A servant of Christ first

Paul on whom he answers to

Under pressure to soften his message for a friendlier reception, Paul draws a hard line about whose servant he is: Am I now seeking the favor of men, or of God? If I were still trying to please men, he says, I would not be a servant of Christ.

He sees the two as mutually exclusive at the deepest level. You cannot be primarily a people-pleaser and primarily Christ's servant. One has to come first — and for Paul, the question of whose servant he was settled every question of whose approval he chased.


If I were still pleasing men, I wouldn't be a servant of Christ.

Paul, to the Galatians — Galatians 1:10 (WEB)
The Principle

You are a servant of Christ before a leader of people. His approval ranks above the crowd's, and that order frees you to love people without being enslaved to them.


Colossians 3:23-24

Whatever you do, work heartily, as for the Lord and not for men... You serve the Lord Christ.


Paul could resist crowd-pressure because the question of whose servant he was had already been settled. A leader formed here serves people genuinely but answers ultimately to Christ, which keeps approval from becoming his master. He can be kind without being captured. The inner work is keeping Christ, not the crowd, as the one he ultimately serves.

When people's favor and Christ's will diverge, decide for Christ, and let that be visible. Serve and love people warmly, but do not let their approval set your direction. Make clear to your team that you answer to a higher Master, which protects everyone from being jerked around by popularity. Lead from settled allegiance, not the day's applause.
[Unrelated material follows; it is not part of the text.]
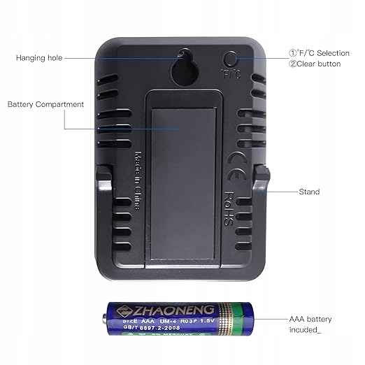 побудований -in точний та чутливий датчик термогігрометра оновлює температуру та вологість кожні 10 секунд; Діапазон вимірювання температури: -20 ~ 70 градусів Цельсія, -4 ~ 158 градусів Фаренгейт, необов'язково у Цельсія та Фаренгейті; Вологість: 10% ~ 99%.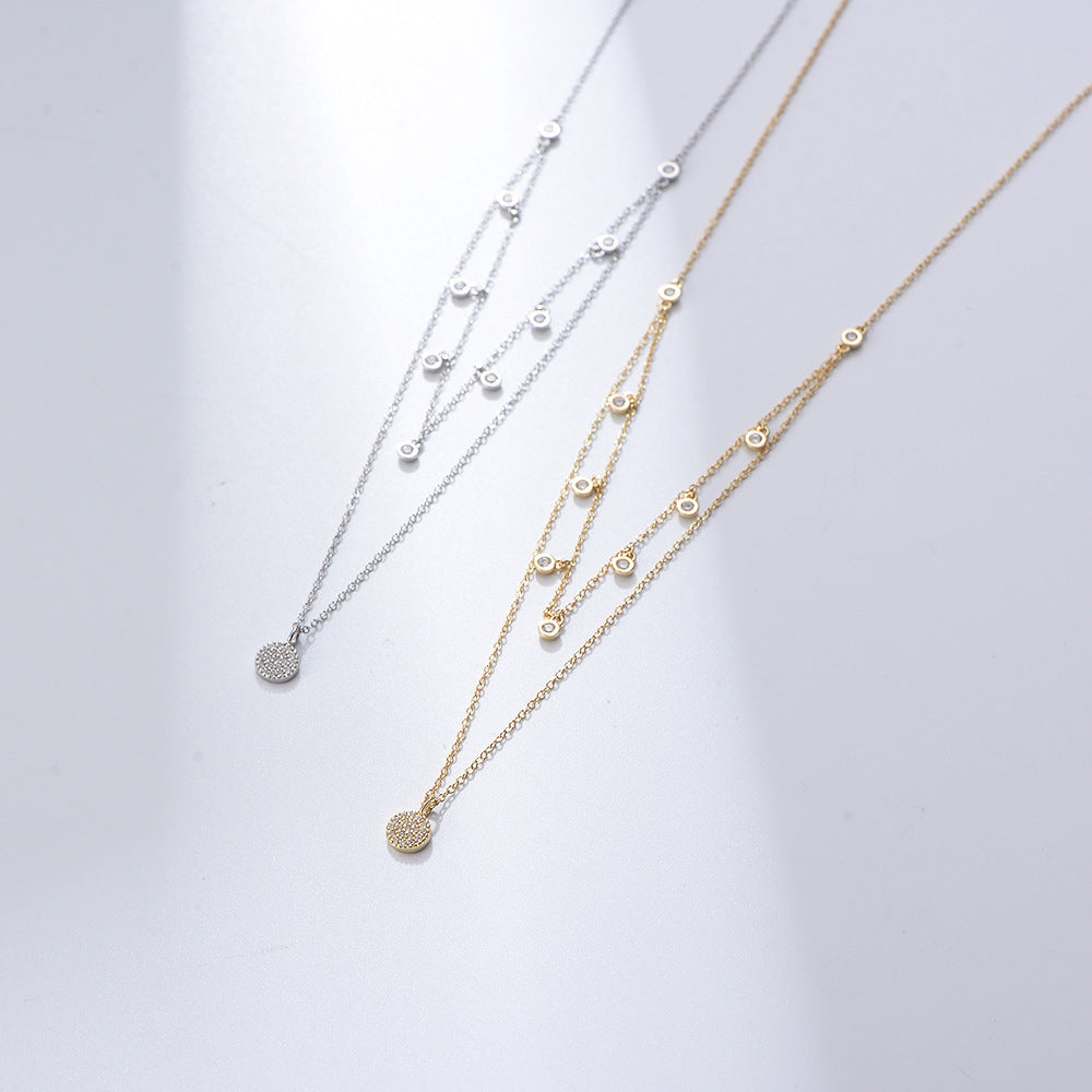 This stylish Round Point Zircon Sterling Silver Double-layer Necklace for Women features two layers of delicate design . decorate with small Round Zircon and a sparkling circle pendant with zircon. Crafted from sterling silver. it's the perfect addition to any look.

Leaders tell themselves they serve God while quietly organizing their decisions around keeping people pleased. The blind spot is a people-pleasing that masquerades as servant leadership until the truth gets costly.

This Week's Practice

Identify one decision you have been shading to keep people happy. This week, make it as a servant of Christ first — and accept the dip in approval as the cost of serving the right Master.

Every leader serves an audience; the only question is which one comes first. Serve people first, and you will eventually bend the truth to keep them happy. Serve Christ first, and you can love people without being enslaved to their approval.

Whose servant are you, when the favor of people and the will of Christ point in different directions?